In an insulated system there is no exchange of heat with the surrounding. The work done in shaking the vessel is converted into heat energy. So, if we find the total heat produced, we will get the total work done. Since the change in heat, $dQ$ is zero, by using the first law of thermodynamics we get the change in internal energy equal to the work done.

Complete step by step answer:
The initial temperature of water is given as
${\theta _i} = {15^ \circ }C$
After time, $t = 15\,\min$ the temperature becomes
${\theta _f} = {17^ \circ }C$
Mass of copper vessel,
${m_c} = 100g = 0.1kg$
Mass of water,
${m_w} = 200g = 0.2kg$
Specific heat capacity of copper,
${S_c} = 420\,Jk{g^{ - 1}}{K^{ - 1}}$
Specific heat capacity of water,
${S_w} = 4200\,Jk{g^{ - 1}}{K^{ - 1}}$
Thermal expansion is the expansion due to heat. When we shake the vessel we are doing work. So heat is generated due to thermal inertia. So the temperature will increase. So the copper will expand due to this increase in temperature. Here since thermal expansion is neglected the volume remains constant.

(a) In the first part of the question, we are asked to find the heat transferred to the liquid-vessel system. It is given the copper vessel is thermally insulated and closed. So, no heat will be transferred to the system from the surrounding. The increase in heat is only due to the work that we do in shaking.

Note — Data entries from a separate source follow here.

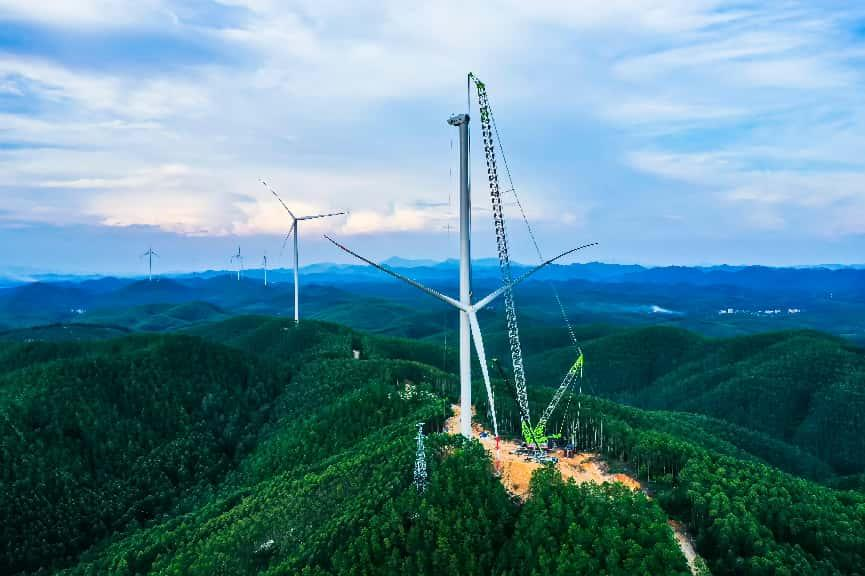 ▲中联重科ZCC9800W履带式起重机正在进行风电吊装
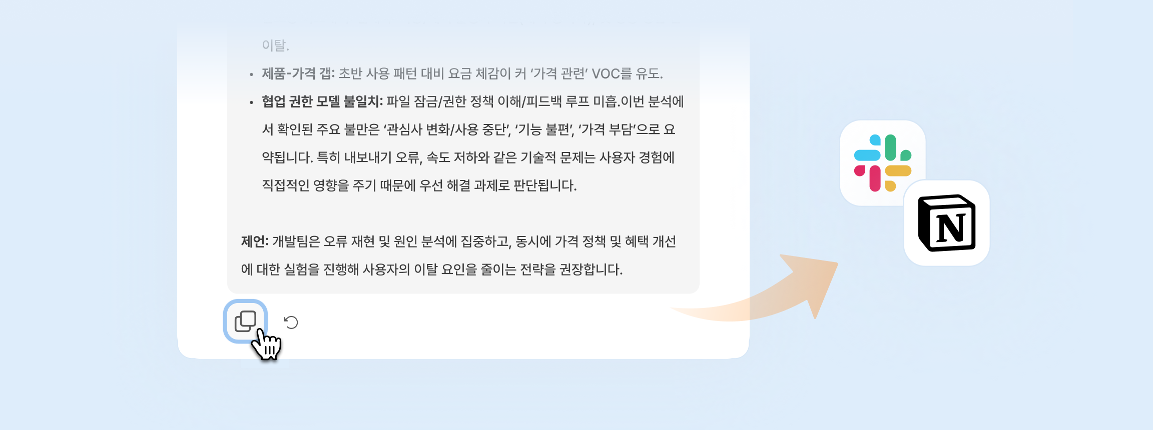 AI의 답변은 바로 복사해서 노션이나 슬랙으로 공유할 수 있어요.
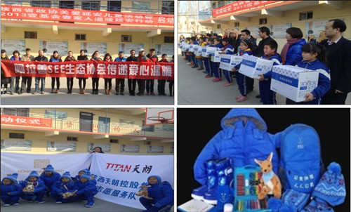 今夏,陕西延安地区遭受了特大暴雨洪涝灾害的侵袭,给当地造成巨大经济损失。目前,延安地区已经进入寒冬,为让灾区的孩子在这个冬天免受严寒侵袭,12月17日,天朗控股集团作为阿拉善SEE生态协会西北片区的主
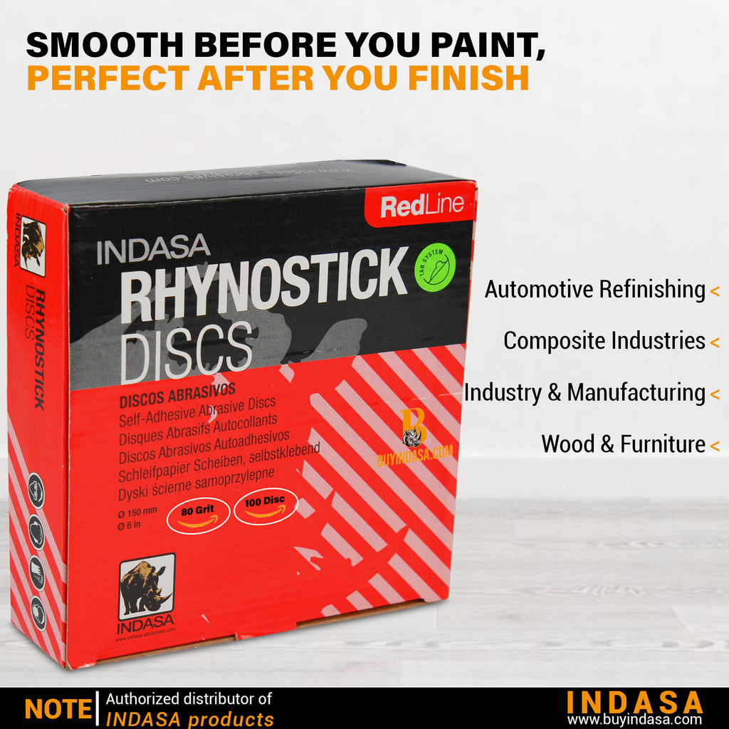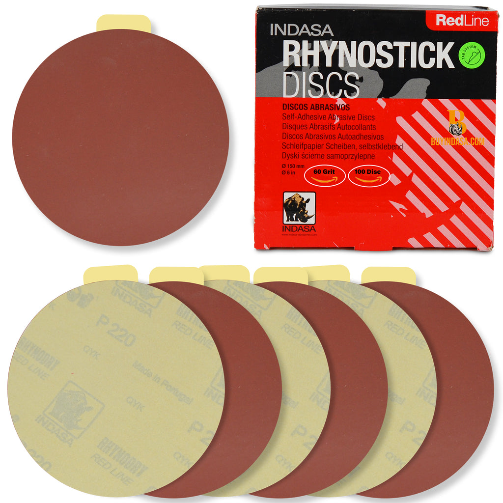 Choose Indasa's 6" Rhynostick Red Line Solid Sanding Discs (600 Series) for superior performance, versatility, and longevity in all your sanding projects.
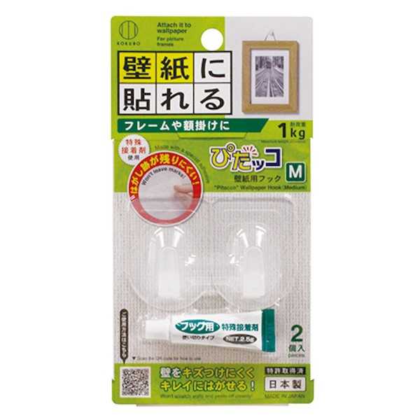 - 壁紙用フック ぴたッコ M(5.5×4cm) 2個入 特殊接着剤付 (100円ショップ 100円均一 100均一 100均)

There is an internal exchange of heat between water and vessel but no energy is transferred to the system externally.

(b) In the second part we need to find the total work. Since the work done due to shaking is converted into heat energy, we can write
Work done = heat produced
We know the heat is calculated as $Q = mS\Delta \theta$
Where $m$ is the mass, $S$ is the specific heat, and $\Delta \theta$ is the change in temperature.
In the case of water ${Q_w} = {m_w}{S_w}\Delta \theta$ and for copper vessel ${Q_c} = {m_c}{S_c}\Delta \theta$.
$\Rightarrow \Delta W = {m_c}{S_c}\Delta \theta + {m_w}{S_w}\Delta \theta$
$\Rightarrow \Delta W = \left( {{m_c}{S_c} + {m_w}{S_w}} \right)\Delta \theta$
$\Rightarrow \Delta W = \left( {0 \cdot 1 \times 420 + 0 \cdot 2 \times 4200} \right) \times \left( {17 - 15} \right)$
$\Rightarrow \Delta W=1764$

$\therefore$ Total work done = 1764J$

(c) Since it is a closed vessel, change in heat, $dQ = 0$
From first law of thermodynamics we have
$dQ = dU + dW$
Since $dQ = 0$
$\Rightarrow dU = - dW$
So, the increase in internal energy will be equal to the work done.
Work done on the system is taken as negative. Thus, we get,
$\Rightarrow dU = - \left( { - 1764\,J} \right)$
$\Rightarrow dU = 1764\,J$

$\therefore$ The increase in internal energy is $1764\,J$.

Note:
Remember that an insulated system is a system with no exchange of thermal energy with surroundings. Also, remember the sign conventions to be used while calculating work. The work done on the system by external agencies is taken as negative. Whereas, the work done by the system is taken as positive.